Source information:

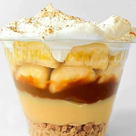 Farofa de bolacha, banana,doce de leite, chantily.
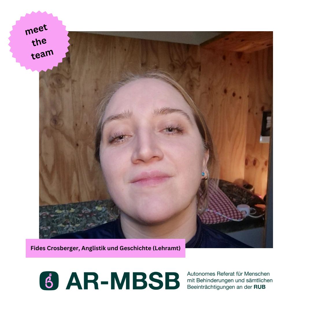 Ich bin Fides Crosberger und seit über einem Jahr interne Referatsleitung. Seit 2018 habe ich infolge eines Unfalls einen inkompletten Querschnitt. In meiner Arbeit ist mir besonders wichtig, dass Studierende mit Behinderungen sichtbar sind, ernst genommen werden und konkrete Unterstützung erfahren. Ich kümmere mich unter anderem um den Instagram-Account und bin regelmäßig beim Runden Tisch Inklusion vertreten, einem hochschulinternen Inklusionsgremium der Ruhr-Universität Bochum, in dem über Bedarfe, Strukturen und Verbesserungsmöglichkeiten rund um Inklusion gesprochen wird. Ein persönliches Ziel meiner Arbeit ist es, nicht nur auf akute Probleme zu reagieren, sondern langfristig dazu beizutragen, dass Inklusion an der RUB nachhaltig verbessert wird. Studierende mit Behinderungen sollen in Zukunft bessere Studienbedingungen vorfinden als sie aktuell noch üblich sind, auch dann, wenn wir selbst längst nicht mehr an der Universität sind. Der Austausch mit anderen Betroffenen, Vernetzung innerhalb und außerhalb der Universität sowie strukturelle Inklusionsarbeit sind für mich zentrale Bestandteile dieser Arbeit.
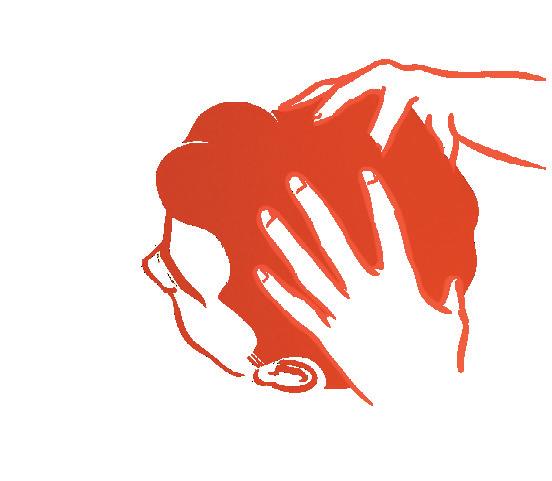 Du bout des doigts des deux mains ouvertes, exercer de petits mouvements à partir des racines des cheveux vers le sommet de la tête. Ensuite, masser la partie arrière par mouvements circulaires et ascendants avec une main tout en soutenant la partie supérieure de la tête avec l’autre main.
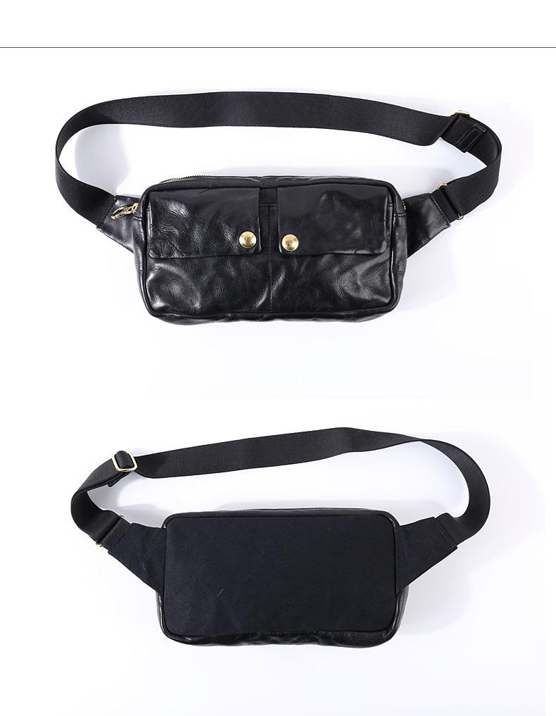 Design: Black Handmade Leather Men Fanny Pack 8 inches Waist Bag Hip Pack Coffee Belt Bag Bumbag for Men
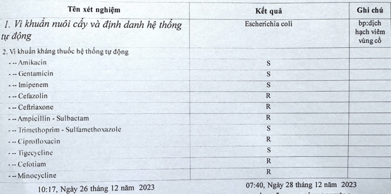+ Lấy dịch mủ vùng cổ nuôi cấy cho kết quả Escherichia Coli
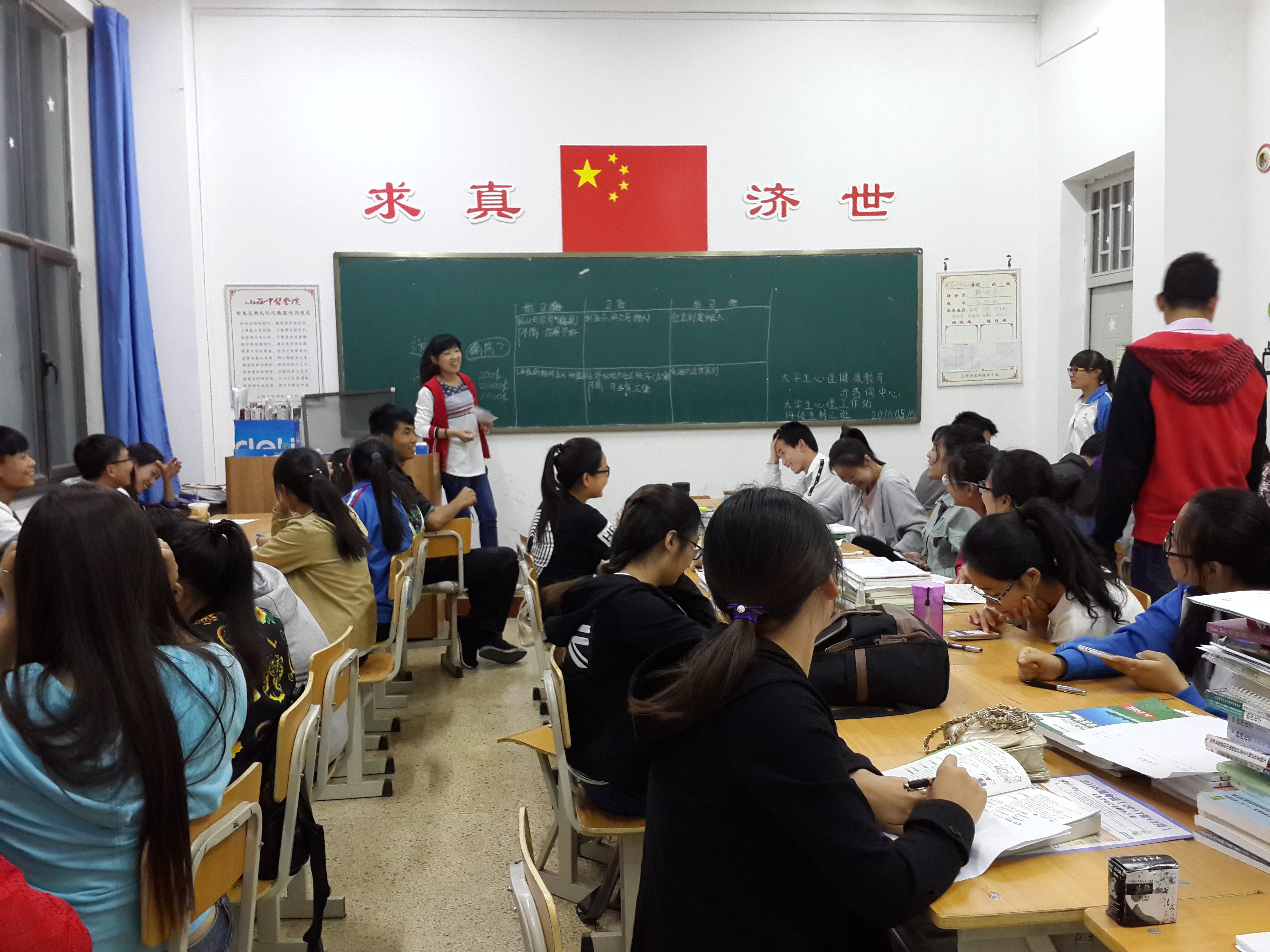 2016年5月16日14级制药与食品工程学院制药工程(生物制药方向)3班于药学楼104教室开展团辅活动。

Problem details: After locating the line that holds "Design: Black Handmade", output exactly the lines from it through the last line of the material above, inclusive, without pictures.

Response below:
 Design: Black Handmade Leather Men Fanny Pack 8 inches Waist Bag Hip Pack Coffee Belt Bag Bumbag for Men
+ Lấy dịch mủ vùng cổ nuôi cấy cho kết quả Escherichia Coli
 2016年5月16日14级制药与食品工程学院制药工程(生物制药方向)3班于药学楼104教室开展团辅活动。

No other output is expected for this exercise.